The CAF checklist: are NHS trusts ready for new cybersecurity rules?

From June, NHS England trusts will be required to follow a new set of cybersecurity guidelines based on the National Cyber Security Centre’s advanced Cyber Assessment Framework (CAF). The Department of Health and Social Care’s aim is to move NHS England from baseline cybersecurity to a more robust strategy for future resilience.

But timelines are tight, with the changes only being announced in September 2024 and compliance required by 30 June 2025. If trusts do not comply in a timely manner, they will face reputational damage and could lose out on potential cybersecurity funding in the future. Complying well before the deadline, on the other hand, will give them an opportunity to become a cybersecurity leader within the NHS, and a valuable resource for other trusts to look to.

Here we look at the actions trusts should be taking immediately to prepare themselves for CAF adoption.

What is CAF?

CAF is not designed to replace any existing frameworks. Instead, it should be integrated alongside existing policies and controls to enhance a trust’s security profile.

The framework takes a holistic approach to cybersecurity and consists of five key pillars covering the entire gauntlet of security:

• Governance: Establishing clear policies, roles, and risk management processes. Trusts must now provide detailed evidence of systems testing, risk mitigation plans and supply chain security assessments.
• Protection: Ensuring the confidentiality, integrity, and availability of systems and data. This includes technical controls like network segmentation, encryption and multifactor authentication.
• Detect and Respond: Implementing robust monitoring and incident response mechanisms. This includes organisational measures like response planning and technical measures like threat detection systems.
• Resilience: Maintaining operational continuity during and after cyber incidents, including having strong recovery capabilities in place
• Legislation: Ensuring that information is used and shared lawfully and appropriately.

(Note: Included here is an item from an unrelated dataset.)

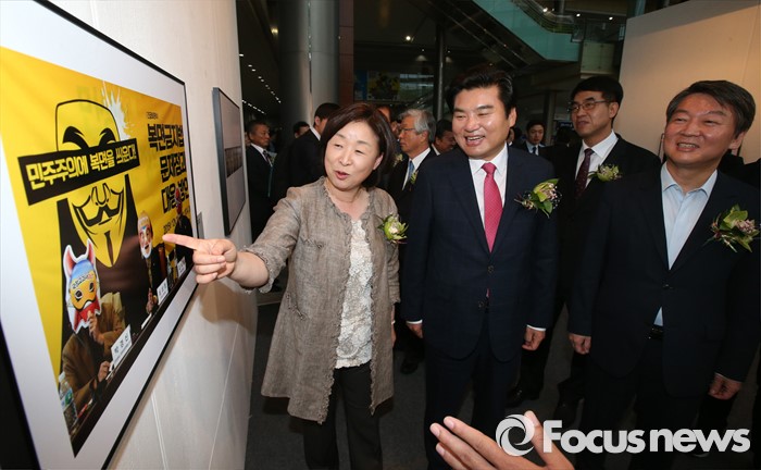 (서울=포커스뉴스) 3일 오전 서울 강남구 코엑스에서 열린 '52회 한국보도사진전 개막식'에 참석한 원유철(가운데) 새누리당 원내대표, 안철수(오른쪽) 국민의당 상임공동대표, 심상정 정의당 상임대표가 이동희 사진기자협회장의 안내를 받으며 전시된 사진을 감상하고 있다. '찰나의 기록, 시대의 진실'을 주제로 진행된 이번 전시는 시대의 진실을 기록한다는 사명감으로 역사의 현장을 묵묵히 지키며 취재한 수백만 컷 중 선정된 150여점과 '현장의 사진기자', '역대 대상 수상작' 등 250여점의 사진이 전시된다.

This means that achieving compliance will require trusts to think through every single aspect of their cybersecurity infrastructure.

Where to start with CAF

The first thing trusts need to do is perform a check-up on their existing cyber resilience. They can then determine how much they already align with CAF’s pillars. The starting point should be to assess whether they are following these key principles:

• Document all data: Trusts should be documenting all personal data they hold – including where it came from, who it is shared with and what is done with it. Gaps in data security measures can easily emerge without comprehensive visibility over information assets and how they’re being used.
• Support staff in cyber security literacy: Trusts should ensure there is a data protection and security induction in place for all new entrants to the organisation, plus a programme for continued professional development. Even a basic level of cyber security literacy can help thwart common attack tactics like social engineering.
• All technologies must be ‘secure by design’: When procuring or developing any software or system for use in healthcare, ensure security is baked in at the foundational level of design rather than tacked on at later stages. Recommended practices include encrypting data, using two-factor authentication, timely patching, and fine-grained access control.
• Test and improve cyber incident response: Trusts should be constantly testing and refining their incident response plans. With patient lives on the line, it’s vital that they are able to respond to any security incidents rapidly. Strategies for improvement should involve benchmarking performance using industry surveys and collecting response time metrics for each cyber incident.

Strategies for adoption

Once trusts are confident they have a strong baseline to work from, they must turn their attention to meeting CAF’s requirements.

CAF is an extensive framework, and no doubt teams will have many questions about how it functions and how best to achieve each of its objectives. Managers should be actively encouraging their whole organisation to question the process in this way from the start, since this will actively promote the culture of security that is so critical to CAF. They don’t have to provide answers right away, but these questions will be helpful in guiding implementation going forward.

Trusts also need to be honest when completing their initial CAF compliance self-assessments. Trusts might feel under pressure to make the assessments appear as positive as possible, but while a negative self-assessment can be painful, it is vital to be honest about where they stand on cyber resilience so that they can identify the correct problems early on and have the proper context within which to address them.

Likewise, trusts should not expect to become cybersecurity experts overnight – nor do they have the resources to hire significant numbers of new cybersecurity staff. In the early stages of building resilience, it will be vital to work with third-party organisations who specialise in this area and can rapidly get to grips with more advanced cybersecurity requirements.

Change is possible

If NHS trusts are to fully comply with CAF, there will be much more work to do. But from the start, they need to be honest about their current cybersecurity capabilities and engage with the entire organisation to identify pain points. This will enable trusts to quickly build momentum for improvements, and allow them to bring in security partners to focus on more advanced requirements.

Always remember: cyber maturity is a journey rather than a destination. Attacks will continue to evolve, and there will always be ways to improve resilience. CAF can only be a positive thing for the NHS, and trusts should be embracing the framework enthusiastically. This is a golden opportunity to reset their cyber security compliance and lead the way in protecting patient data from advanced attacks.